歯科処置を受けたあとも、自宅ケアが不要になるわけではありません。治療によって一度きれいな状態に整え、その状態を歯磨きや適切な補助製品によってできるだけ長く保つ、という考え方が基本です。処置後に歯磨きを再開する時期は、抜歯の有無や口腔内の状態によって異なるため、担当の獣医師の指示に従いましょう。

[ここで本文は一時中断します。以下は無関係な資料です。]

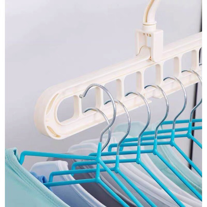 Móc treo quần áo đa năng tiện ích tiết kiệm diện tích (9 lỗ) thiết kế thông minh, tiện lợi treo được 9 móc trên 1 dàn. Treo được nhiều quần áo. Treo ngang treo dọc chỉ cần 1 động tác nhỏ. Chất liệu Nhựa ABS cứng, chịu lực cao. an toàn cho sức khỏe.

多くの歯科処置では、超音波スケーラーなどを用いて歯垢や歯石を除去します。スケーリング後は歯の表面に生じた微細な凹凸をなめらかにするため、ポリッシングを行います。ただし、処置後も歯垢は再び付着し始めるため、良好な状態が永久に続くわけではありません。再付着の速さには個体差があり、口腔内の状態やご自宅でのケアの状況によっては比較的短期間で歯垢や歯石が増えることもあります。処置後の良好な状態をできるだけ長く保つためにも、獣医師の指示に従って日々のケアを続けましょう。
犬や猫のお口の健康を守るには、日々の小さな積み重ねが欠かせません。食べ方を観察すること、口臭の変化に気づくこと、無理のない範囲で歯を磨くこと、定期的に診察を受けること。こうした習慣が、痛みの少ない毎日と健やかな暮らしを支えてくれます。